Cultural Netizenship
Social Media, Popular Culture, and Performance in Nigeria
- 292 pages
- English
- ePUB (mobile friendly)
- Available on iOS & Android
About this book
How does social media activism in Nigeria intersect with online popular forms—from GIFs to memes to videos—and become shaped by the repressive postcolonial state that propels resistance to dominant articulations of power?
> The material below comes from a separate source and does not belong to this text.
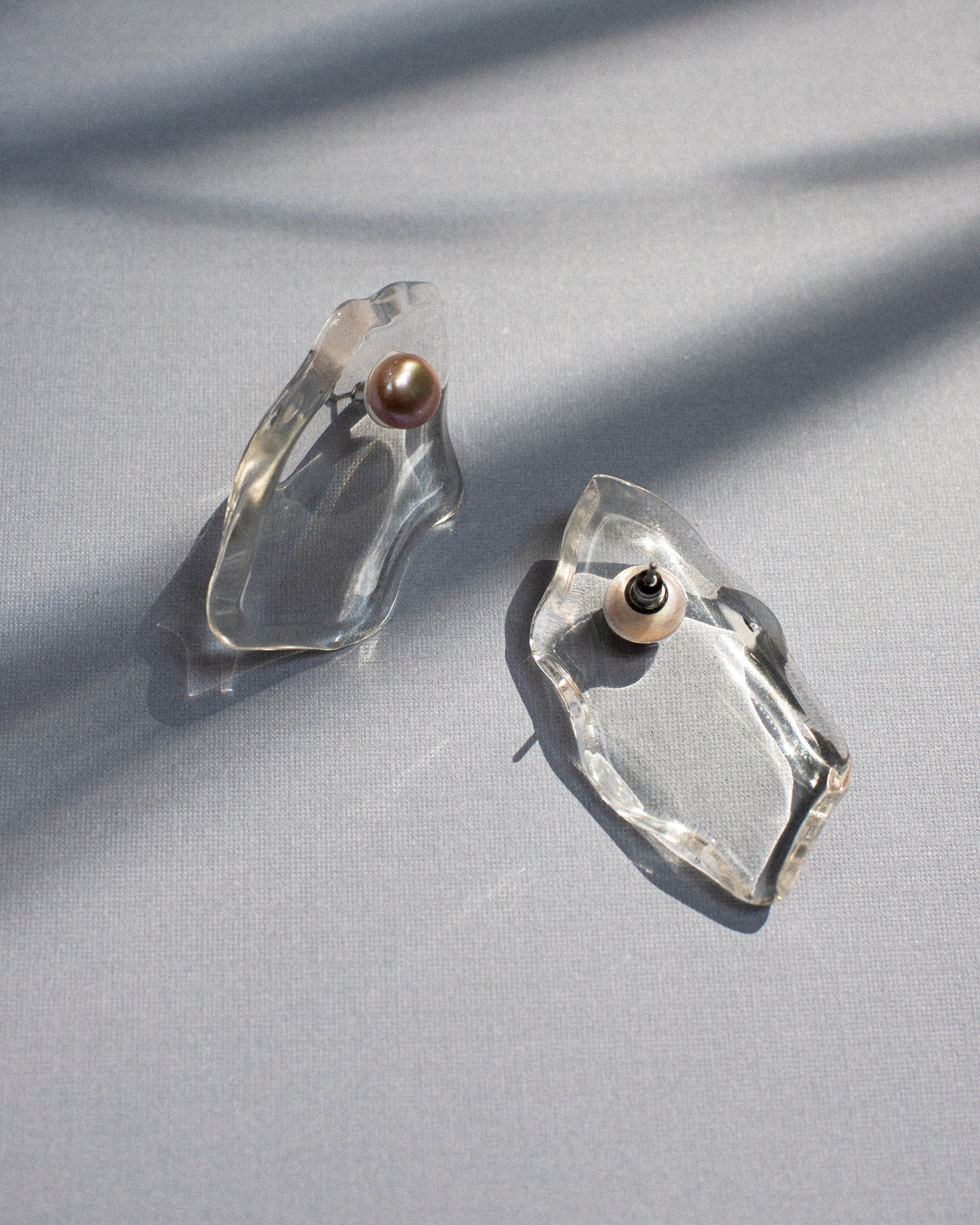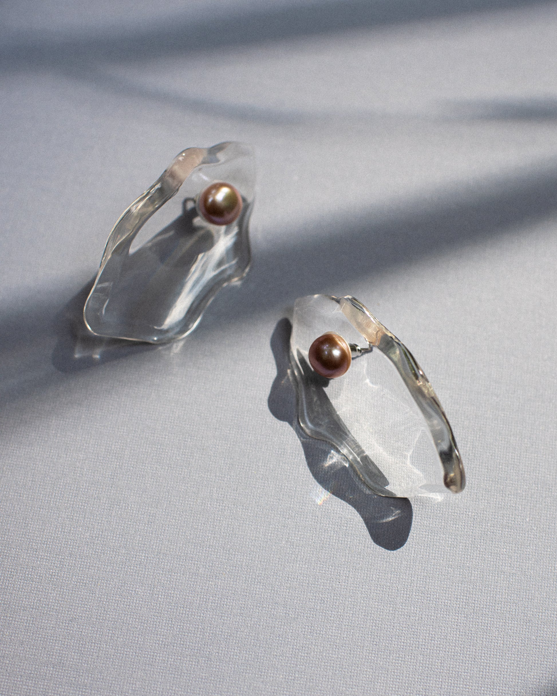 Curved clear abstract shapes being held up by a rose faux pearl stud which is detachable.

James Yékú proposes the concept of "cultural netizenship"—internet citizenship and its aesthetico-cultural dimensions—as a way of being on the social web and articulating counter-hegemonic self-presentations through viral popular images. Yékú explores the cultural politics of protest selfies, Nollywood-derived memes and GIFs, hashtags, and political cartoons as visual texts for postcolonial studies, and he examines how digital subjects in Nigeria, a nation with one of the most vibrant digital spheres in Africa, deconstruct state power through performed popular culture on social media. As a rubric for the new digital genres of popular and visual expressions on social media, cultural netizenship indexes the digital everyday through the affordances of the participatory web.
A fascinating look at the intersection of social media and popular culture performance, Cultural Netizenship reveals the logic of remediation that is central to both the internet's remix culture and the generative materialism of African popular arts.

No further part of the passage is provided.